Tag Archives: relationship is over

Time to See a Psychologist: When You Feel Like You’re Growing Apart

Time to See a Psychologist: When You Feel Like You’re Growing Apart


Relationships are about growth. You meet, fall in love, and start a life together. It takes time a patience to build a lasting relationship. However, even in the strongest of relationships, everyone has moments of getting weary.

The honeymoon phase is over


It’s a fictitious timeframe when couples stop being on their best behaviors and get real. This is usually the time when the first heated augments occur. This is the time when you might realize your partner’s annoying habits like leaving the toilet seat up all the time. This might be the time you decide not to wear the most alluring under-garments all the time.

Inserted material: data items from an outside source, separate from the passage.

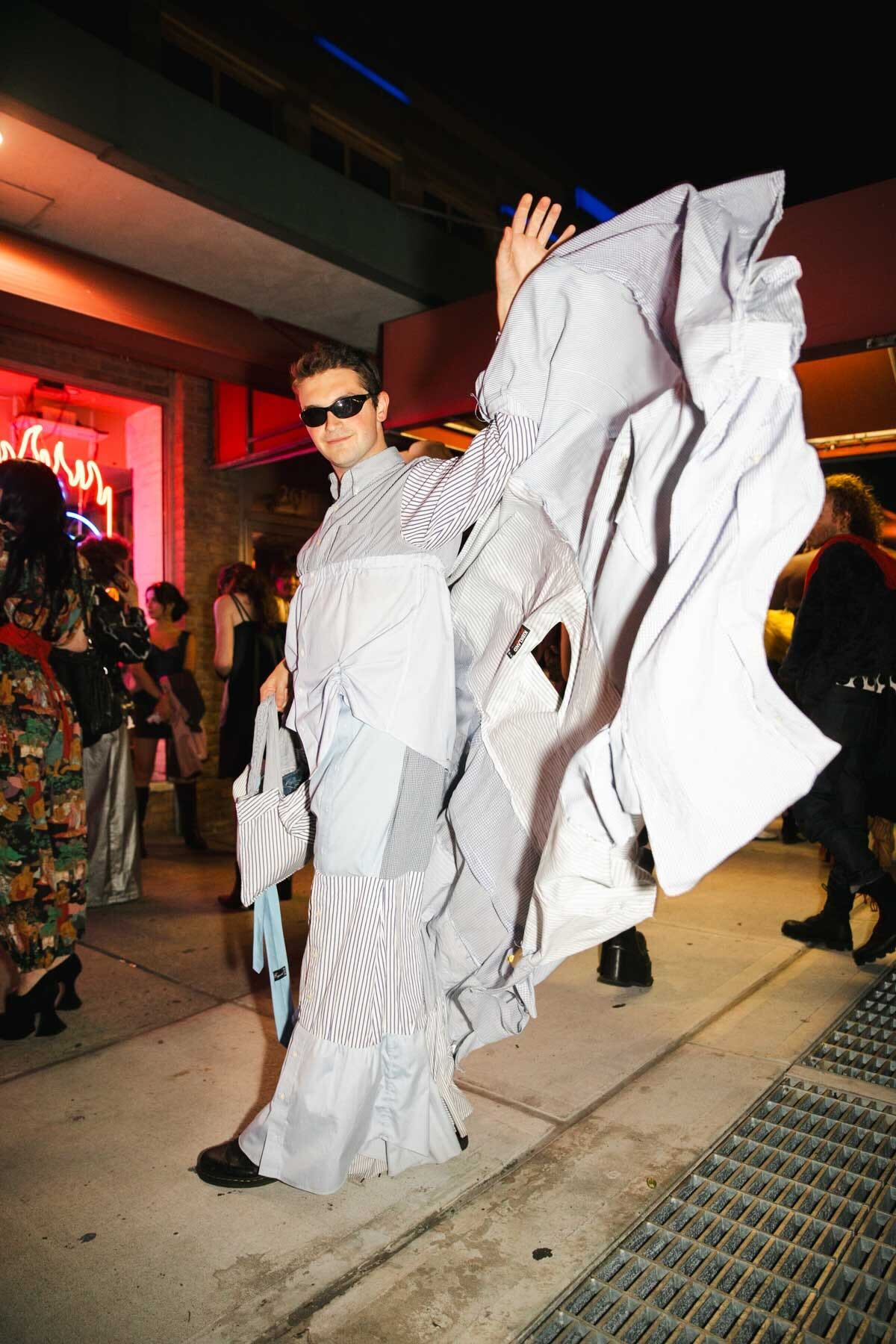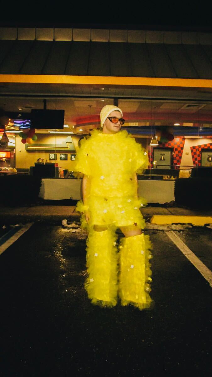 My work is inspired by camp in fashion and definitely has some influences from Moschino, Viktor & Rolf, KidSuper, and more. I was also an intern for The Blonds for one season of New York Fashion Week and drew a lot of inspiration from them. I would love for those wearing my clothes to feel beautiful and cool inside them, but also have a sense of humor and enjoy what they’re wearing.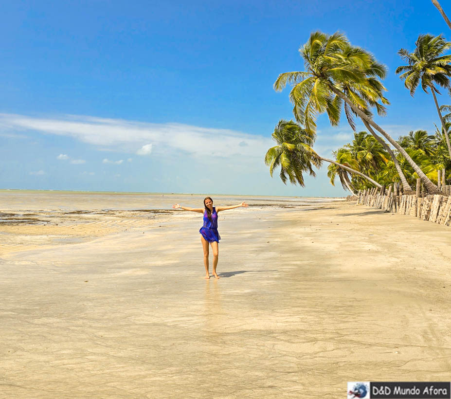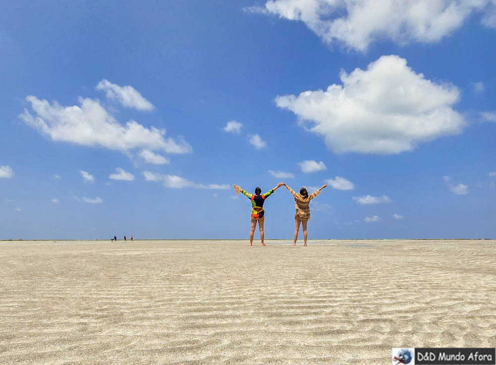 Nosso dia começou cedo, como de costume. Depois de um café da manhã delicioso, eu e Danubia seguimos para uma caminhada à beira-mar até Antunes. No retorno, aproveitamos a maré zerada para atravessar o extenso banco de areia, onde o mar havia dado lugar à uma imensidão dourada diante dos nossos olhos.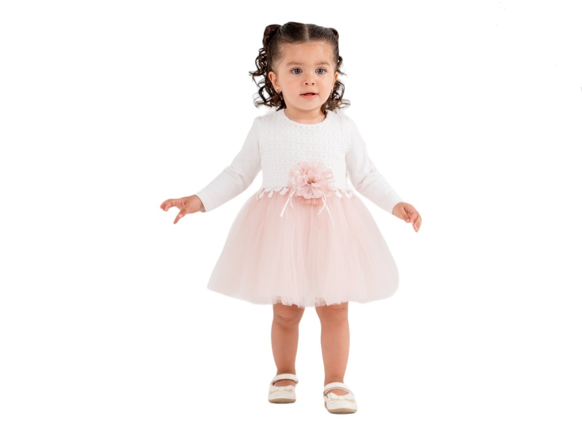 Детска рокля с дълъг ръкав в розово и бяло

Some people dread the idea of the honeymoon phase coming to an end, but this is really the time when couples make it or break it. It’s a lot smoother of a transition if you decide to be real with your partner early on in the relationship.

Seven year stretch


Your relationship had withstood some time and before you realize, you’ve made it to your 7th anniversary. The seven year stretch sounds like fake news, but scientific studies have shown this phase is real for humans. It’s been proven that whether in a relationship or single, people go through a transition every seven years. As couples hit seven years together, it’s a good time to recognize the growth you’ve done as an individual and as a couple. This is the time to set new goals, maintain togetherness, and cultivate the areas in yourself, your partner, and the parts of the relationship that need a little extra TLC.

Prevent Falling Apart


There’s no guarantee or magic that is fireproof nowadays. People grow at different rates, and there are plenty of distractions out there to pull you away from your partner. However, making a conscious choice to remain focused in your relationship is key. Self-control is the only thing you need to be concerned with. You can’t control your partner, nor should you want to. Having a partner is having a mate who can be your equal, or the yin to your yang.

You might not see eye to eye on everything like you once did, but compromise has gotten you two far in your relationship. Like people take vitamins to prevent sickness, why not invest in marriage counseling before there’s a major problem? Talking to a qualified psychologist to help you two through simple disagreements could perhaps prevent big problems down the line.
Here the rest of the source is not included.